*** Opening of Supplied data ***
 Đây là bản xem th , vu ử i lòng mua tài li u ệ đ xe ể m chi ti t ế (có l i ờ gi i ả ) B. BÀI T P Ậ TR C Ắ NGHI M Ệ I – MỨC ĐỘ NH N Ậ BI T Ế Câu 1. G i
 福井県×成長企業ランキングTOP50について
*** Close of Supplied data ***
*** Opening of Supplied data ***
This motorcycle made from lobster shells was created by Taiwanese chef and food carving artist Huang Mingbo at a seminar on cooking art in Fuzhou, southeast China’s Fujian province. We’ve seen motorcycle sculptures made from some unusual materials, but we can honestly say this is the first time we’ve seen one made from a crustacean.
*** Close of Supplied data ***
*** Opening of Supplied data ***
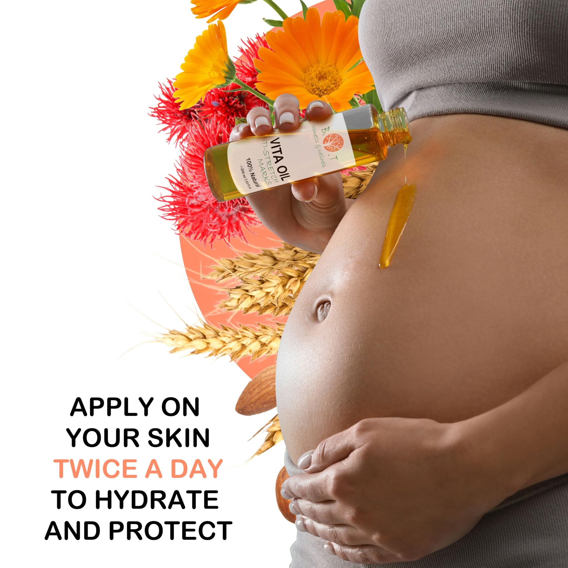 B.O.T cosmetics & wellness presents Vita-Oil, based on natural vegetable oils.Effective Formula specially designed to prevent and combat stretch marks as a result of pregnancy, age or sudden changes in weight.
*** Close of Supplied data ***
### Task statement
Your reply is to repeat, unchanged, the lines above running from the one with "Đây là bản xem" up to and including the one with "福井県×成長企業ランキングTOP50について".

### Expected output
 Đây là bản xem th , vu ử i lòng mua tài li u ệ đ xe ể m chi ti t ế (có l i ờ gi i ả ) B. BÀI T P Ậ TR C Ắ NGHI M Ệ I – MỨC ĐỘ NH N Ậ BI T Ế Câu 1. G i
 福井県×成長企業ランキングTOP50について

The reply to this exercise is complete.